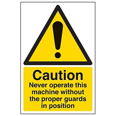 Helps to fulfil legal obligations to inform employees, visitors and the general public of potential hazards as per Health and Safety (Safety Signs & Signals) Regulations 1996 Conforms to EN ISO 7010:2012 - Warning signs feature a triangular symbol with a black pictogram and yellow background occupying at least 50% of the total sign area Portrait Orientation. Sign reads "Caution. Never Operate This Machine Without The Proper Guards In Position" Highly durable 1mm plastic material and screen printed message will stand the test of time Sign measures 200 x 300mm.
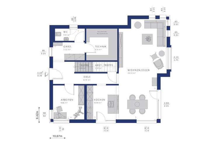 Die Architektur folgt einer klaren, zeitgemäßen Designphilosophie, die Ihnen maximale Gestaltungsfreiheit lässt. Mit verschiedenen Dachformen und einer großen Auswahl an Architektur-Bauteilen wird jedes Bien-Zenker Haus zu einem einzigartigen Unikat. Sie sind der Designer Ihres Zuhauses - von der Grundkonzeption bis hin zu individuellen Details.
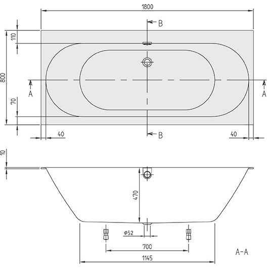 Квариловая ванна Villeroy&Boch Oberon 2.0 180x80 без гидромассажа
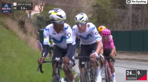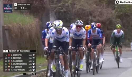 Movistar Teamのテスファチオン・ナトネルがシアン・エイテブルックスを引いている。
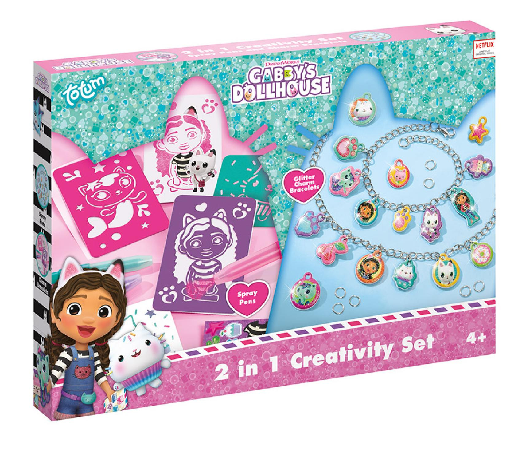 Popis Lowlands Kreativní sada 2v1 foukací fixy + výroba náramků s přívěsky Gabby/ Gabby's dollhouse v krabičce
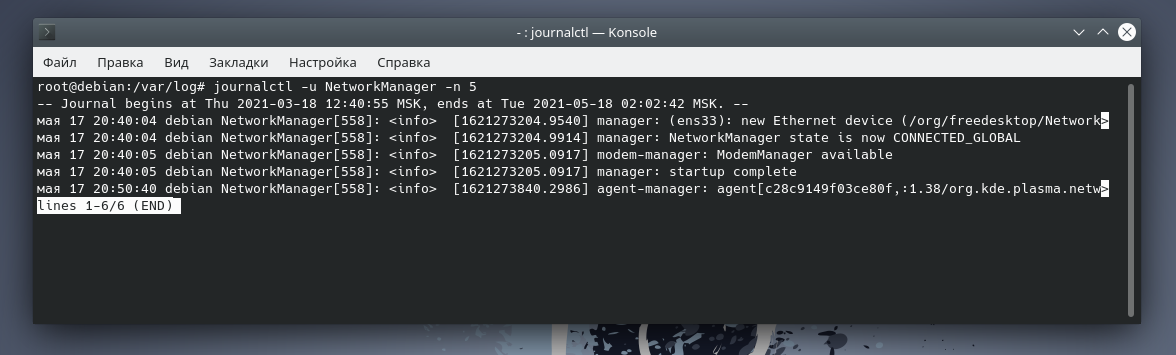 Также можно просмотреть информацию по выбранной службе, например, по NetworkManager:
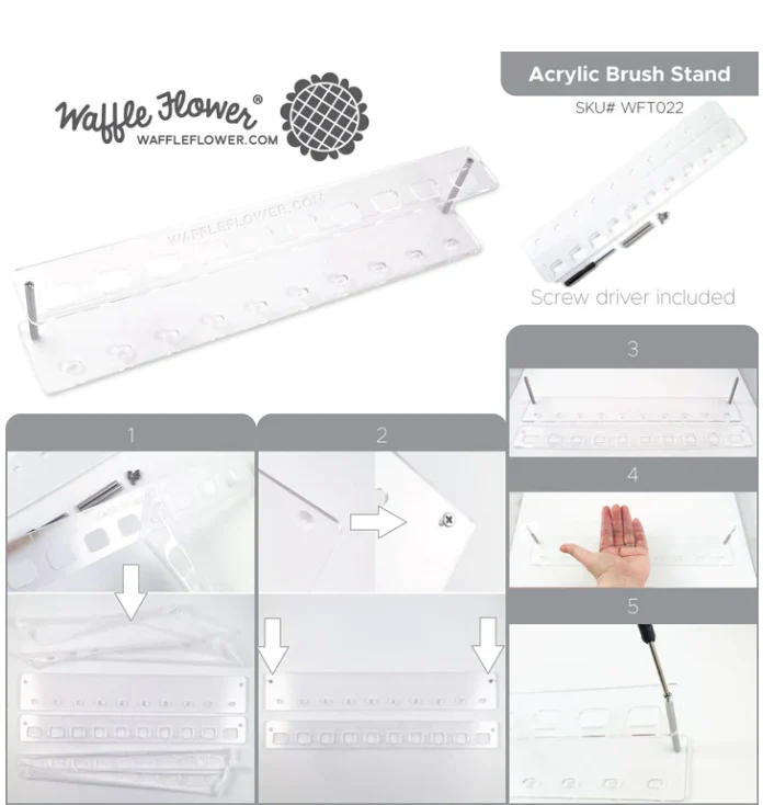 Made from crystal clear acrylic and sized for Waffle Flower Blending Brushes Set.
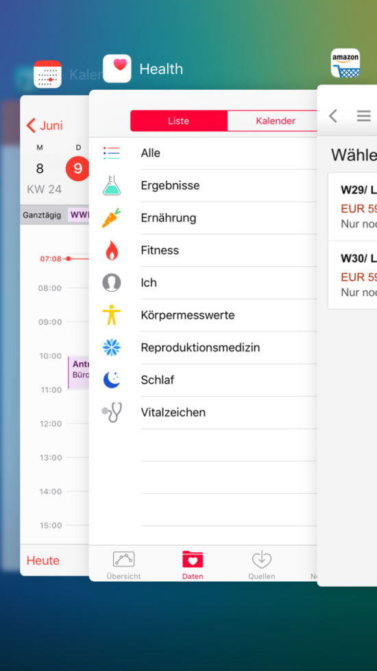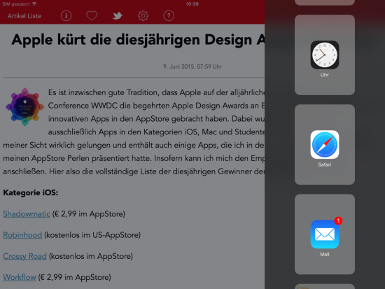 Am meisten profitiert zweifelsfrei das iPad von iOS 9. Hier gibt es unter anderem eine Neuerung bei der Tastatur, die die QuickType-Leiste um zusätzliche Buttons für Schnellzugriffe auf oft genutzte Funktionen ergänzt. Dort findet man unter anderem Schaltflächen für Copy&Paste oder auch die Textformatierung. Legt man zwei Finger auf die Tastatur, wir diese zum Trackpad und man kann deutlich einfacher den Cursor neu positionieren oder Inhalte markieren. Dies funktioniert übrigens auch auf dem iPhone. Exklusiv für das iPad ist allerdings die neue Splitscreen-Option in Sachen Multitasking. Dabei unterscheidet Apple in verschiedene Stufen. Bei "Slide Over" kann man innerhalb jeder App jederzeit vom rechten Displayrand zur Mitte wischen und erhält dann Zugriff auf alle hierfür optimierten Apps, die dann in einer Art iPhone-Ansicht dargestellt werden. Standardmäßig wird hier die zuletzt verwendete App aufgerufen, ein Wisch von oben nach unten fördert jedoch weitere Apps zu Tage.
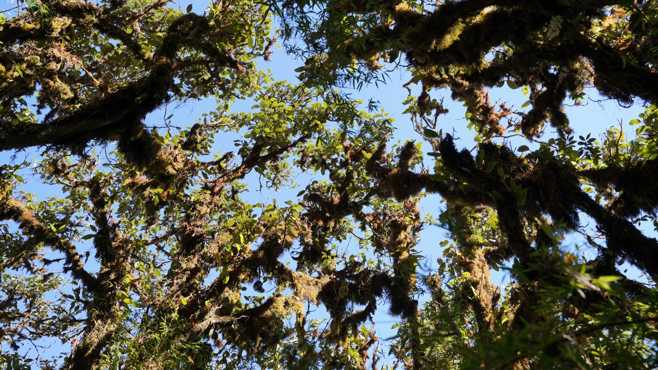中午时分,抵达高黎贡山之巅——【毛毛球森林】的所在地。千万株绒苔在朽木与岩石上膨胀成颤巍巍的绿云,松萝垂落成银色珠帘,光线穿透三十米树冠时碎作翡翠星尘。蕨类旋涡在倒伏的巨树躯干上生长出时间年轮,偶有血雉掠过苔毯,惊起一片荧光孢子雾。我们在此打卡、拍照、发呆、做梦。
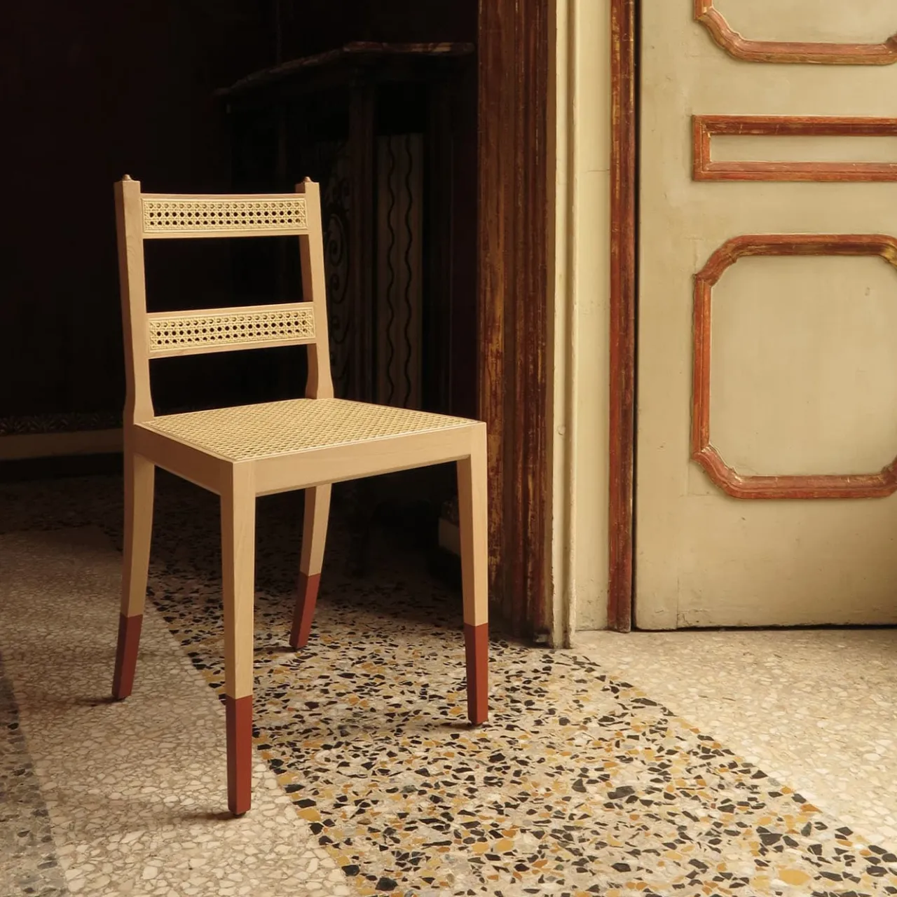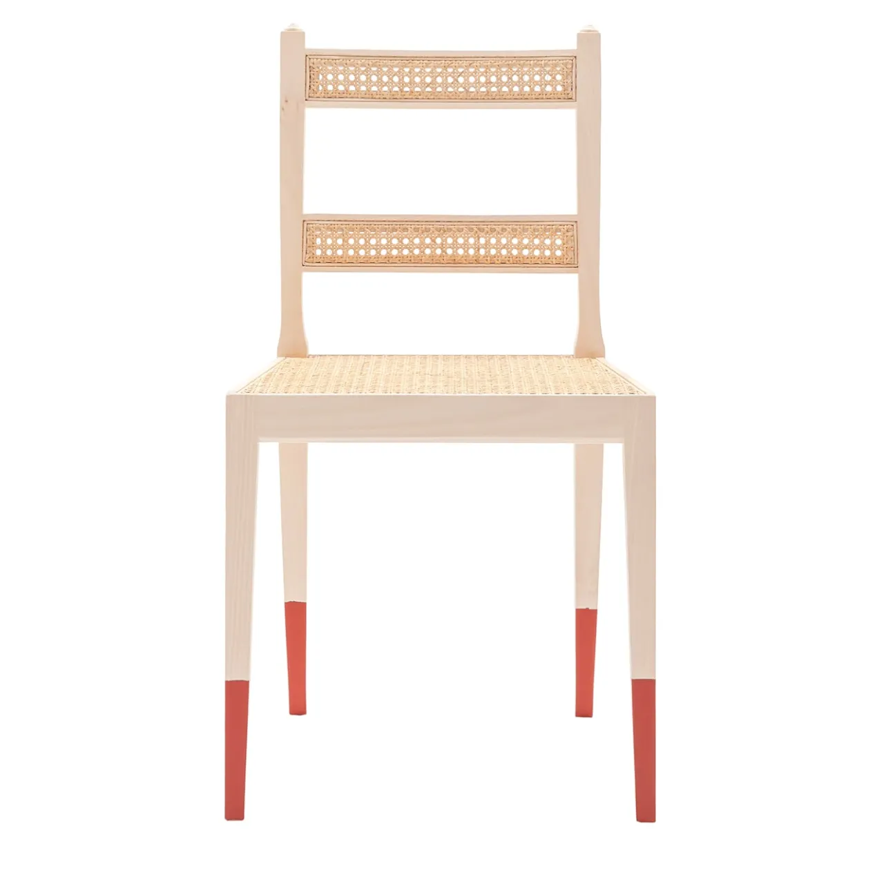 Rivisitazione contemporanea di antiche sedie del Nord Europa, la North Chair vanta un’estetica semplice contraddistinta da dettagli sofisticati. Realizzata a mano in legno di faggio rifinito in una delicata tonalità naturale, presenta una vivace laccatura rossa che segna la metà inferiore dei piedi e un elegante schienale aperto composto da due fasce di paglia di Vienna. Disponibile in altri colori, consultare il catalogo Artemest per le opzioni.

=== THE PROBLEM ===
Only an exact copy of the lines from the top of the entries through the line with "Die Architektur folgt", both included, should be given, with all pictures omitted.

=== SOLUTION ===
 Helps to fulfil legal obligations to inform employees, visitors and the general public of potential hazards as per Health and Safety (Safety Signs & Signals) Regulations 1996 Conforms to EN ISO 7010:2012 - Warning signs feature a triangular symbol with a black pictogram and yellow background occupying at least 50% of the total sign area Portrait Orientation. Sign reads "Caution. Never Operate This Machine Without The Proper Guards In Position" Highly durable 1mm plastic material and screen printed message will stand the test of time Sign measures 200 x 300mm.
 Die Architektur folgt einer klaren, zeitgemäßen Designphilosophie, die Ihnen maximale Gestaltungsfreiheit lässt. Mit verschiedenen Dachformen und einer großen Auswahl an Architektur-Bauteilen wird jedes Bien-Zenker Haus zu einem einzigartigen Unikat. Sie sind der Designer Ihres Zuhauses - von der Grundkonzeption bis hin zu individuellen Details.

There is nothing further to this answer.